Aria watched from the side, her eyes narrowing as she recognized every step, every parry, every counter. She had sparred with him in lighter sessions before, but this was different. This was the form he only showed in serious combat—the style honed in the marrow of his bones, a style that didn't waste a single breath.

Mavis's lips curled into a sharp, devilish smile. "Ah... there it is. He got immense talent and potential." Her voice was low, almost pleased. "And the best way to perfect it... is to push him to his limits everyday."

Aria caught the gleam in Mavis's eyes, feeling a strange heat stir in her chest. A part of her didn't like the thought—but another part, the warrior in her blood, was curious.

Fenric didn't hear any of it. With a final strike, he knocked the dummy back a pace, its head snapping slightly on its hinge. He stepped away—only for the ground to hum faintly beneath their feet.

The test wasn't over.

With a mechanical snarl, the dummy's eyes flared with a dull red glow. Runes lit up across its armor, and in the next instant, sparks of mana crackled along its blade. This was no longer just a melee opponent—this was the Tier 1 magic combat model, capable of channeling elemental strikes and defensive wards.
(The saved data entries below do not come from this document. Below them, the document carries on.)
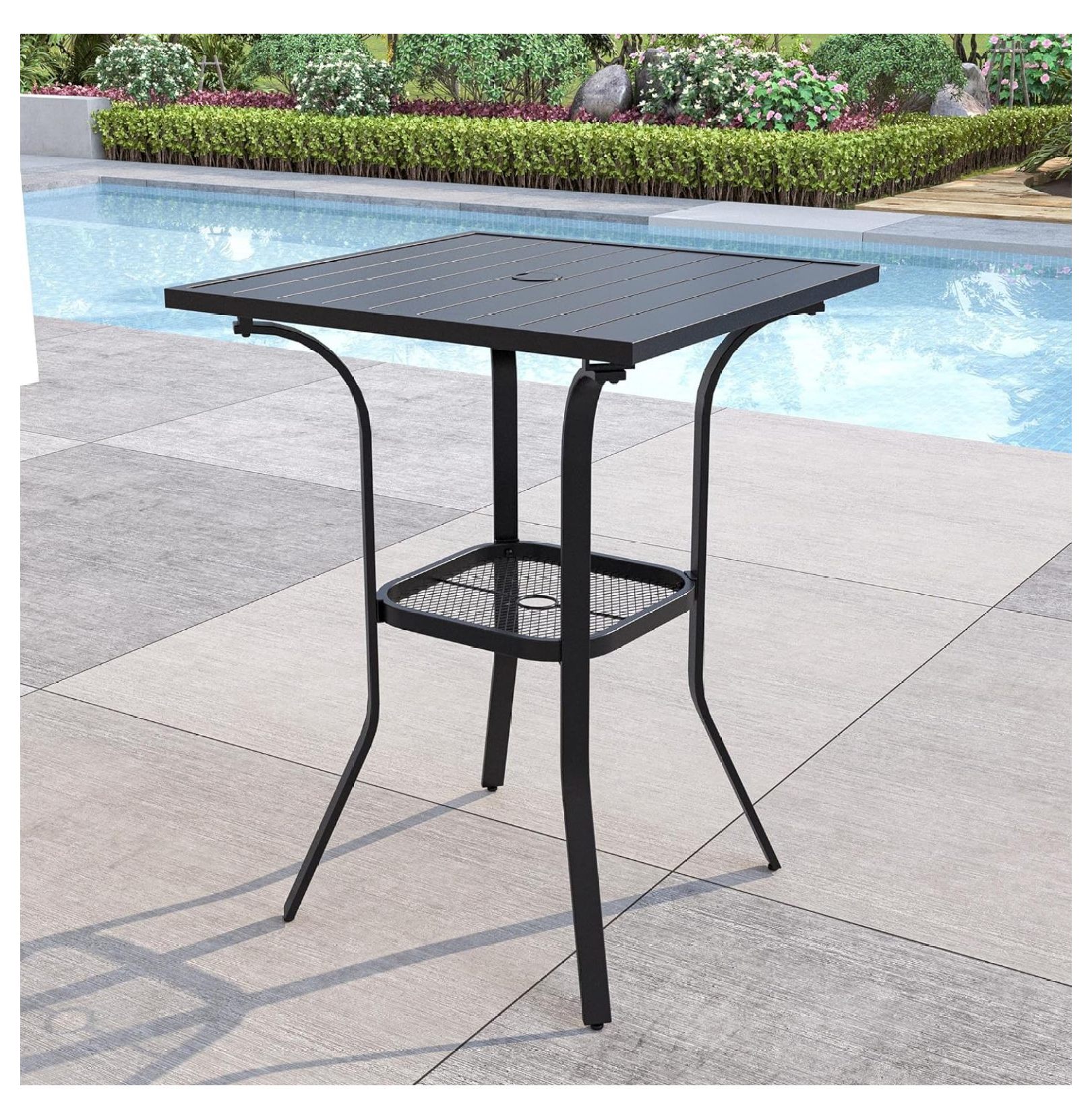 SUNCROWN 27.5" Patio High Top Bistro Pub Table Outdoor Black Square Metal Steel Slat Table with Umbrella Hole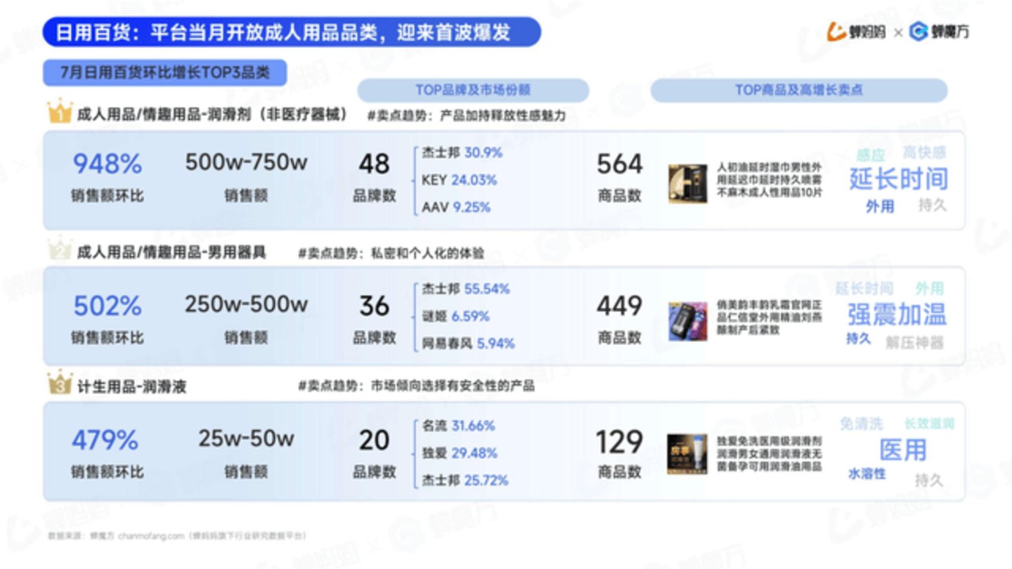 “蝉魔方”数据显示,2024年上半年,抖音平台成人用品/情趣用品类目销售额超过2500万元,增速超过1330%,远高于抖音电商整体增速。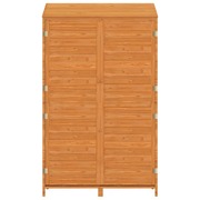 This wooden garden shed makes a great addition to any backyard, lawn, and other outdoor space. Solid fir wood: Solid fir wood is a beautiful natural material. Fir wood doesn't dry out or warp when exposed to moisture.Ample storage space: The outdoor storage shed is ideal for holding various garden tools, lawn care equipment, household items, and other garden accessoriesSturdy frame: The wooden frames ensure sturdiness and stability. The garden shed offers protection from dirt, dust, strong wind and harsh weather. Warning:In order to prevent overturning, this product must be used with the wall attachment device provided.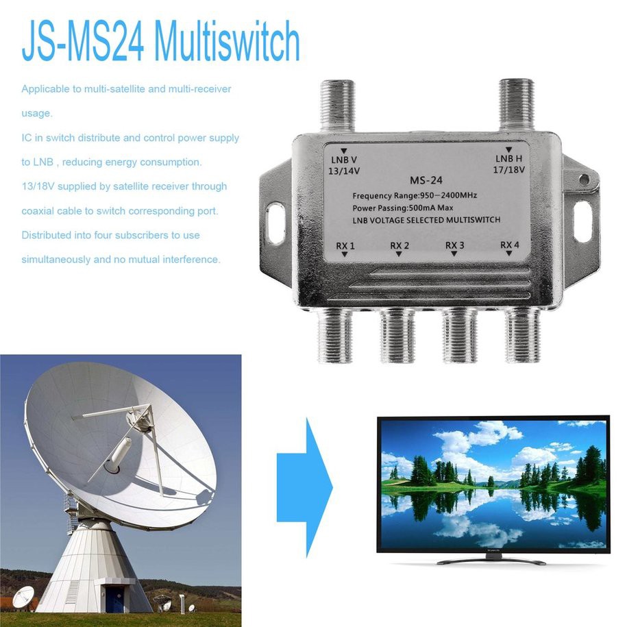 2x4 MS-24 Satellite Signal Multiswitch LNB Voltage Selected Switch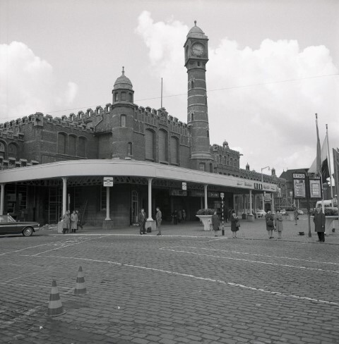 Deze fotogroep bestaat uit vier negatieven. De foto’s tonen de voor- en zijgevel van het neogotische station met zijn luifel, torentjes, kantelen en uurwerktoren. Ze werden genomen van op het Koningin Maria Hendrikaplein.
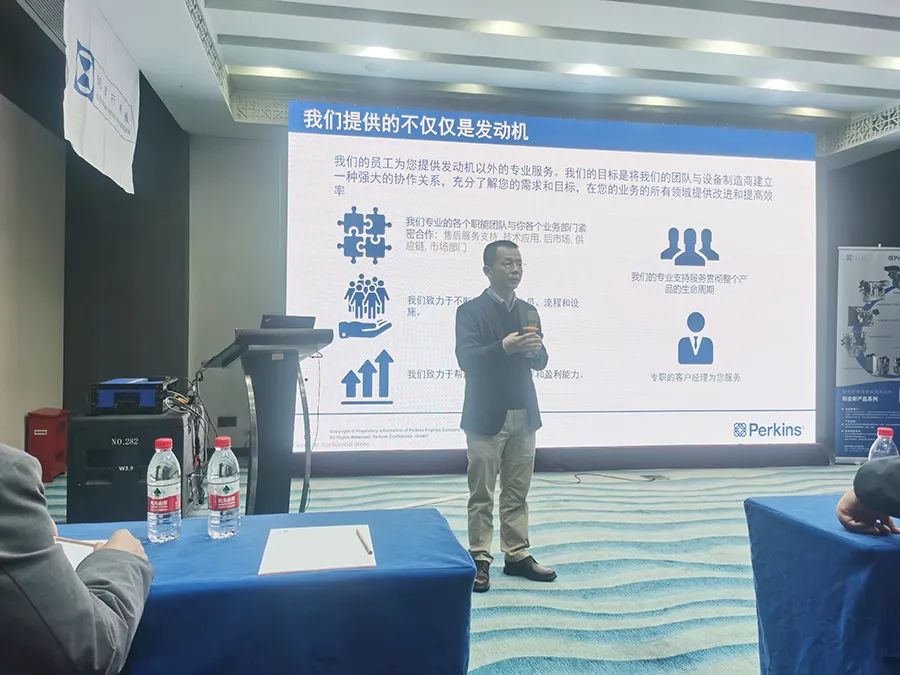會(huì)上,Perkins北亞區(qū)市場(chǎng)部經(jīng)理傅岸然先生向與會(huì)的廠商介紹了Perkins品牌的發(fā)展歷程,2022年是珀金斯發(fā)動(dòng)機(jī)有限公司成立90周年,在公司成立期間,超過(guò)2200萬(wàn)臺(tái)柴油發(fā)動(dòng)機(jī)從我們的生產(chǎn)線下線,在180多個(gè)國(guó)家建立了超過(guò)3500個(gè)服務(wù)網(wǎng)點(diǎn)。Perkins產(chǎn)品覆蓋了從5-2500KVA的功率段,滿足客戶的多種需求,為客戶提供世界級(jí)的定制化解決方案。

Fenric tightened his grip. The next exchange came fast—the dummy's blade swept low, releasing a shockwave of condensed wind mana. Fenric dodged, retaliating with a golden mana slash that burned into the dummy's armor. Fireballs, lightning arcs, and reinforced counters followed in quick succession, each blow met with Fenric's relentless offense.

This was no sparring match. This was survival training against an opponent that didn't tire, didn't hesitate, and wouldn't stop until one of them was down.

Aria stood frozen at first, her eyes locked on the clash before her. Now—finally—she understood.

Every day, she had watched Fenric collapse into that golden water, muscles trembling, skin pale, as if the bath itself was the only thing keeping him from falling apart. She had thought it was some princely luxury, or a ritual for his strange magic.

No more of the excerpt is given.